Richard Waya, the Butaleja district chairperson, says the district has started operations to bring a halt to any forms of child labour.

“Our position as a district is that it is illegal for any child in Butaleja to work in a rice paddy, when it is school time.
The district has put in place an order to arrest children who work in the fields, instead of going to school.
The fine for a child got in a rice field, during school time, is sh5, 000. Parents, who send their children to the fields, instead of school are liable to pay fines,” Waya says.

James Waluswaka, the Bunyole West county Member of Parliament, objects to the notion, that child labour is endemic on Butaleja’s rice paddies.

“That happened in the past. It is only when children have broken off from school, that you will see them, working in the rice paddies. The ordinances, the district recently passed in relation to the issue make it hard for anybody to compel a child to work for them, in the rice fields, during school days,” Waluswaka says.

Side Bar

According to recent statistics from the Butaleja district education office, the school dropout rate in the last four years, has surged from 45 per cent to 78 per cent.

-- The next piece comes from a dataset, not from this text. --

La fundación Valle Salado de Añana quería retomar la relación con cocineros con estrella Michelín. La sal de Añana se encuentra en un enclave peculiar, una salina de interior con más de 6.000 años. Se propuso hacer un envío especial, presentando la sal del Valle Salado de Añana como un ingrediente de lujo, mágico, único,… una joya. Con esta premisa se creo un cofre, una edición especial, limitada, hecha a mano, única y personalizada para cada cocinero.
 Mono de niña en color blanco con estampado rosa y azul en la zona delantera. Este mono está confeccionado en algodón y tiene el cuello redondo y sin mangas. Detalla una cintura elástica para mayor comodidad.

Statistics also show that the dropout rates in upper primary are between 60 to 70 per cent.

In the year 2000, over 200 Child Workers in Butaleja District were detained by the Police.

The law

The Constitution of Uganda Article 34 states that children under 16 years of age have the right to be protected from social and economic exploitation.

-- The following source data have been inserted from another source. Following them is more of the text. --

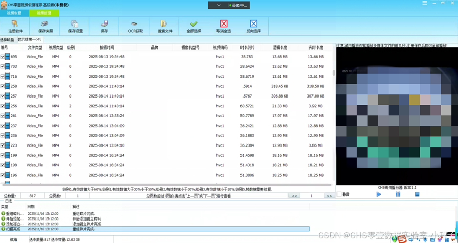 STEP3:扫描完成后直接查看数据,可以看到高级版已经列出了视频类型、级别、拍摄时间、摄像机型号、视频编码、时长、长度等参数,这些参数为查找数据提供了便利。经过对比程序共计恢复了817条视频文件约12.62GB基本上和U盘的可用空间吻合,至此恢复工作完成!(关于文件级别可以参考公众号或者博主的相关帖子)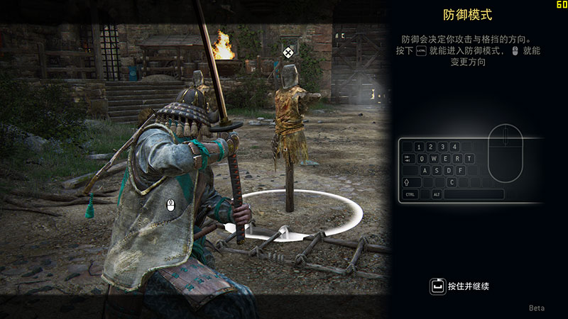至于攻击方式则比较容易被接受,左键轻攻击、右键重攻击、鼠标中键破防,同时在锁定敌人状态下通过移动鼠标方向可以分别防御上、左、右三个不同的方向,也就是说一定程度上游戏在考验玩家能否根据敌人攻击方向快速做出反馈的快速反应能力。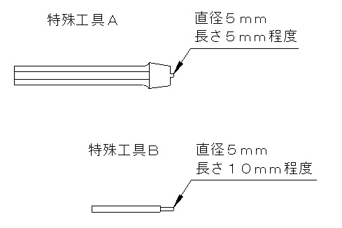 それから特殊工具A(図参照)をテーパーピンの中心に当て5mmほど打ち出し、残りを特殊工具Bで打ち出します。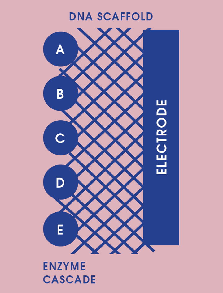 Once the electrons have been produced in the cascade reactions, they are then passed to the electrode via carbon nanotubes which are mixed into the hydrogel phase to make a composite on the electrode surface. Put simply, the DNA scaffold holds the enzymes onto the electrode by wrapping round it.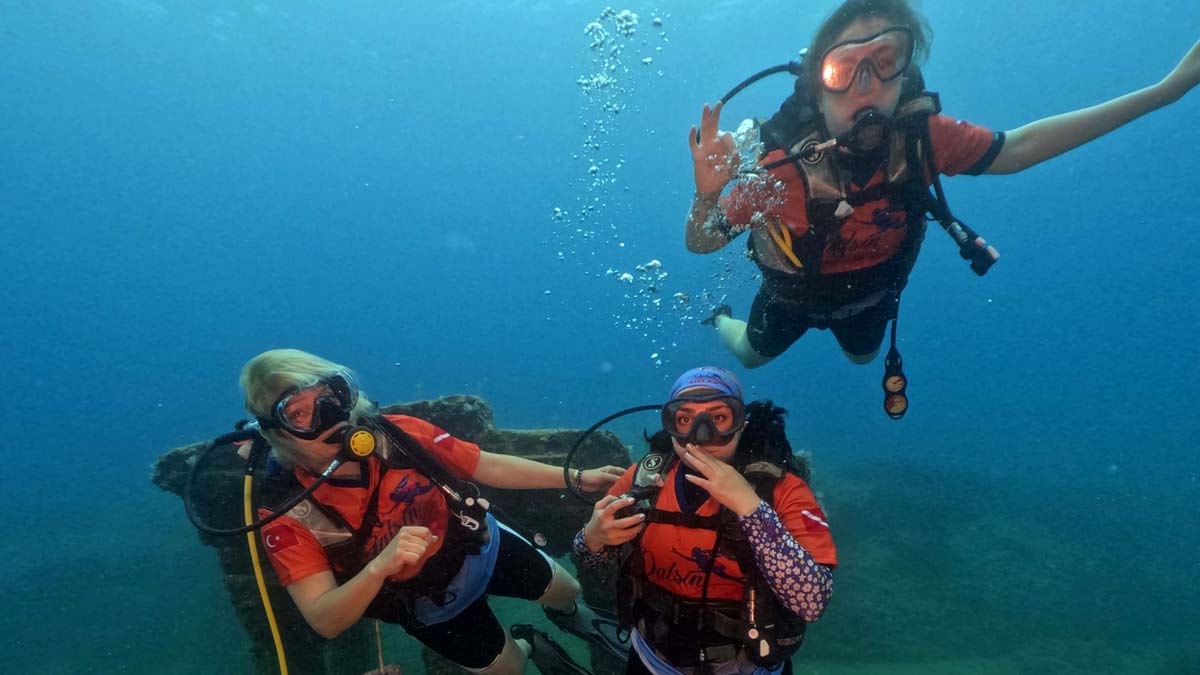 Side Limanı'ndan tekneyle açılan kadınlara, proje yürütücüsü Gaye Dülger tarafından yapacakları ayrıntılı şekilde anlatıldı. Adayların su altında nasıl davranmaları gerektiğini söyleyen Dülger, eğitimcilerin çok profesyonel olduğunu belirterek, talimatlara mutlaka uyulması gerektiğini vurguladı. Bilgilendirmenin ardından 8'li, 10'lu gruplar halinde eğitmenler tarafından dalış malzemeleri takılan kadınlar ilk kez su altına dalış yaptı. Dalış sırasında Side Su Altı Müzesi'ni de ziyaret eden adaylar heyecanlı anlar yaşadı.

The Constitution prohibits child slavery, servitude, and forced labor.

Government policy

This year, the Ministry of Gender, Labour and Social Development launched a national strategic plan to eradicate child labour in Uganda.

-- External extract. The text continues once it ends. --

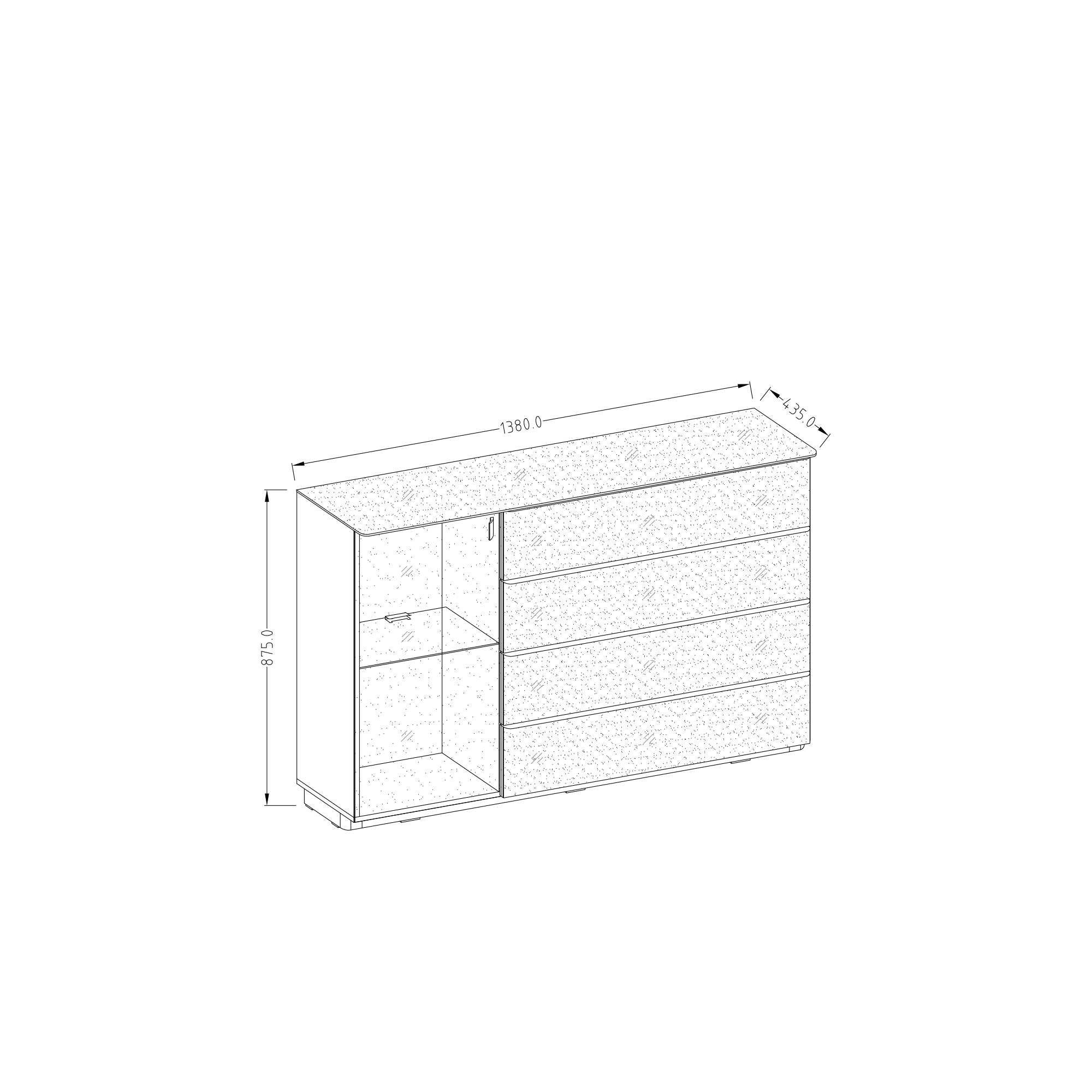 Niska komoda Togo z przeszkleniem pozwoli nie tylko na przechowywanie wielu przedmiotów, ale również wyeksponowanie tych, które są godne uwagi. Mebel posiada 4 szerokie szuflady i przeszklone drzwiczki, wewnątrz szklana półka z oświetleniem LED w komplecie. Mebel wykonany z laminowanej płyty meblowej w kolorze wenge, front i blat pokryte czarnym szkłem w wysokim połysku. Czarne matowe uchwyty podkreślają nowoczesny kształt bryły. System cichego zamykania drzwiczek i szuflad w standardzie.

Florence Nakiwala Kiyingi, the State Minister for Youth and Children affairs, said all children of school going age should not be employed, but sent to school.

In 2016, the Government approved the Children (Amendment) Act, which outlaws the use of children for labour exploitation.

The Government also launched the National Social Protection Policy that targets child labourers.

What some of the children say

Benjamin  Hisa-studies at Bungombe Primary School

I get paid to work in a rice farm near home. I work on the farm Saturday and Sunday.
The weekdays are for school. I know how to plant, dig, weed and harvest rice. I use the money am paid to buy clothes and books.

Latif Birya-15

Our parents are poor; so those of us, still in school, work on the farms to get money to buy clothing and scholarstic materials.
On occasion, we share the money with our parents.

George Mboryoya-7 years

I study at Namache Primary School. I am in P.2.  I work on a rice farm near home. I start work in the morning and work till late in the evening. I take the money am paid home to my parents.

Gloria Mugaba-12

Iam from Wangle in Butaleja and I study at Wangle Primary School.
I work on a rice garden in Wangle but only on the weekends. The week days find me in school.

Betty Mukite-10

On occasion, I work on a rice farm near home in Masulula.
Sometimes our parents send us to work on the farms to earn some little money for home and school upkeep.

Abdullah Ndoboli-12

I work on a farm, near home from morning to evening. I chase away birds that eat the growing rice grains. I study at Gombe Primary school but am not always consistent because of school fees issues.

Amos Mulongo-7

I stay on the farm with my brother-Ndoboli chasing away birds from the gardens.

Derrick Mugoya-11

I go to work in a rice garden near home every evening after school.
I know how to plant, weed and harvest. I earn sh15, 000 [$3 ] every time I do a good job. I take the money to my parents.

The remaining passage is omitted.